> _YOUR ASSIGNMENT_:
Print nothing except the line holding "Este mini bolso" and the lines that come after it in the material below, and leave the pictures out.

> _SUPPLIED DATA_:
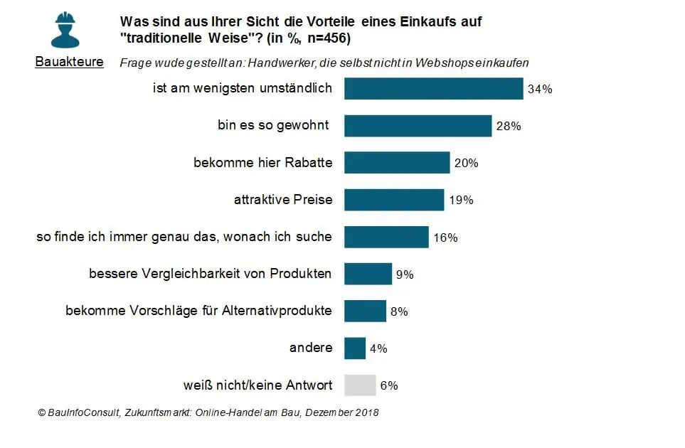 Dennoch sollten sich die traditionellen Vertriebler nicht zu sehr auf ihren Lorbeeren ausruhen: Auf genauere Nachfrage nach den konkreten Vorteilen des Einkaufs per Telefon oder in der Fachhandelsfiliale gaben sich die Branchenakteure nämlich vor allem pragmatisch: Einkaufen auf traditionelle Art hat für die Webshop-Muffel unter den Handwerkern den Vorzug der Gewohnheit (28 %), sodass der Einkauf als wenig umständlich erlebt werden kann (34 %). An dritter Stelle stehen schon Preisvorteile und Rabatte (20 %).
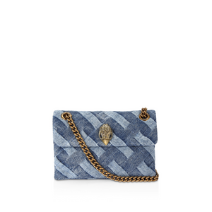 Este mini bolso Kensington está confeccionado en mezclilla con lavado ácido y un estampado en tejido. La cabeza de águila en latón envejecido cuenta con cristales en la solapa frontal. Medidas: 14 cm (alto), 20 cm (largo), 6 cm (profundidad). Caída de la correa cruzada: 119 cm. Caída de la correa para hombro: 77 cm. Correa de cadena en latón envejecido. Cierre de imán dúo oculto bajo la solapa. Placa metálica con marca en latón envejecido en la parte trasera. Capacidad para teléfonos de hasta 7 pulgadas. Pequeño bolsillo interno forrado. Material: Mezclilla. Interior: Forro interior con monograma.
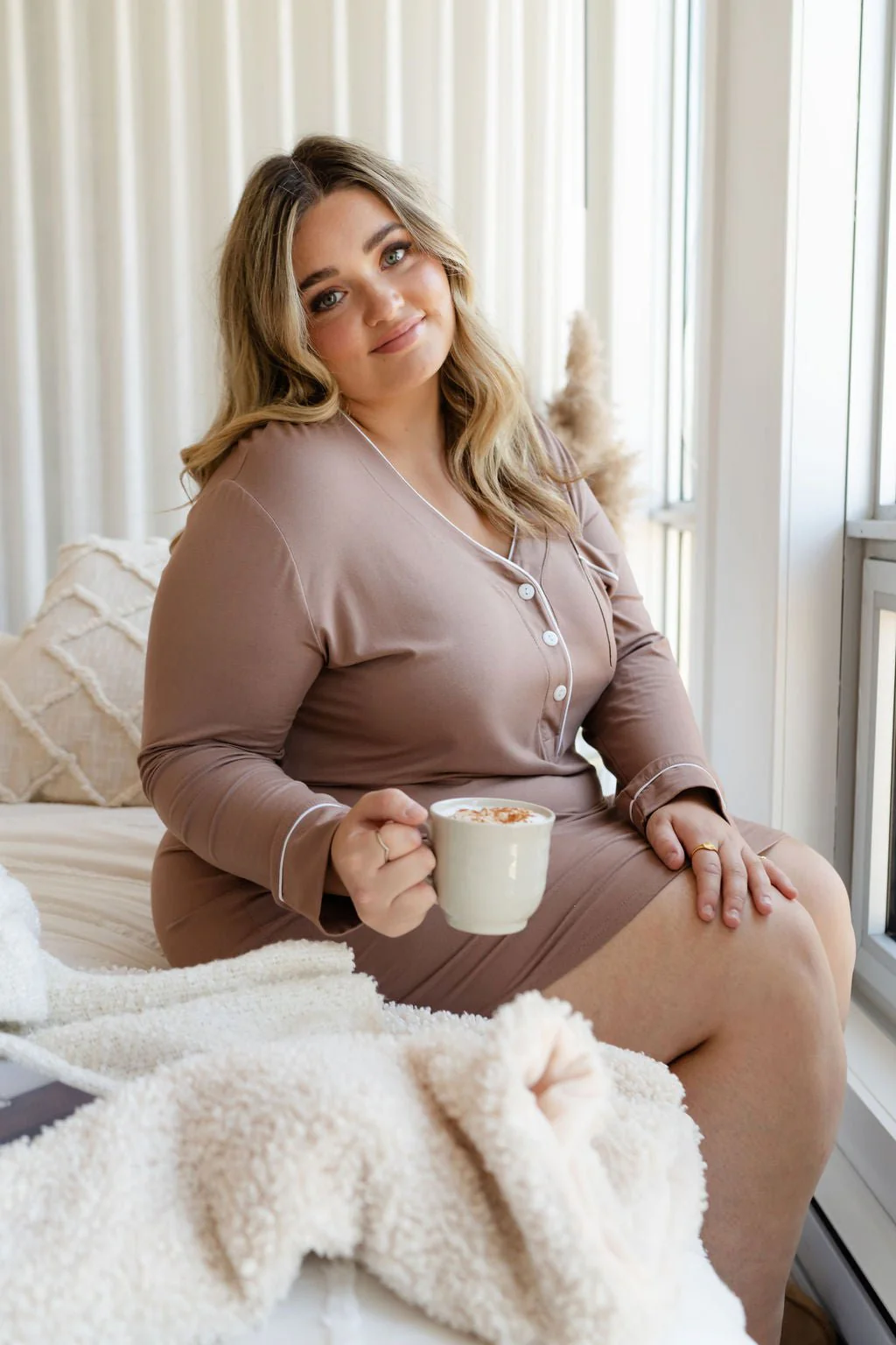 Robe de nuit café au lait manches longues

> _PROBLEM SOLUTION_:
 Este mini bolso Kensington está confeccionado en mezclilla con lavado ácido y un estampado en tejido. La cabeza de águila en latón envejecido cuenta con cristales en la solapa frontal. Medidas: 14 cm (alto), 20 cm (largo), 6 cm (profundidad). Caída de la correa cruzada: 119 cm. Caída de la correa para hombro: 77 cm. Correa de cadena en latón envejecido. Cierre de imán dúo oculto bajo la solapa. Placa metálica con marca en latón envejecido en la parte trasera. Capacidad para teléfonos de hasta 7 pulgadas. Pequeño bolsillo interno forrado. Material: Mezclilla. Interior: Forro interior con monograma.
 Robe de nuit café au lait manches longues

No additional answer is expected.